The Para greenlet is almost surely a sedentary year-round resident.

===Feeding===

The Para greenlet's diet and foraging behavior have not been studied but are assumed to be similar to those of other species in its genus, for example see here.

===Breeding===

Nothing is known about the Para greenlet's breeding biology.

===Vocalization===

The two subspecies of the Para greenlet have different songs. That of the nominate is a "pure whistle that is steadily repeated many times at intervals of a few seconds". That of T. r. lutescens is a "steadily repeated phrase of three whistles, the first one short, the second one lower-pitched and longer, and the last one even lower, e.g. ti-teee-yeee or ti-teee-eeuw". Its calls are not well known but have been described as "short stutters or bursts of short overslurred notes".

==Status==

The IUCN has assessed the Para greenlet as being of Least Concern.

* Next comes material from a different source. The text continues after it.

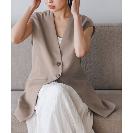 反発性のある素材を使用しているため、さらっと纏うだけで主役級の表情が生まれるロングジレ。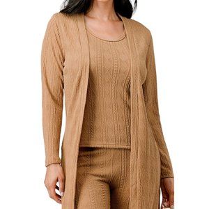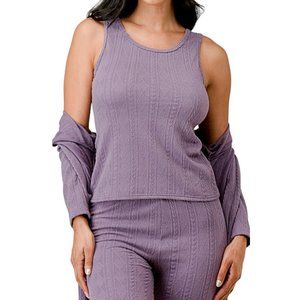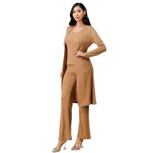 Three-Piece Charm: This exquisite set features a trio of perfectly matched pieces – a knit tank top, wide-leg knit bottoms, and a long knit cardigan – that come together to create a harmonious look.

It has a large range; its population size is not known and is believed to be decreasing. "The species is threatened by the loss and fragmentation of its habitat for agricultural conversion." It is considered "frequent to uncommon" in Brazil. The species is "highly susceptible to forest fragmentation, which is an increasingly severe problem in much of its range...large blocks of primary forest are likely essential for the survival of this species".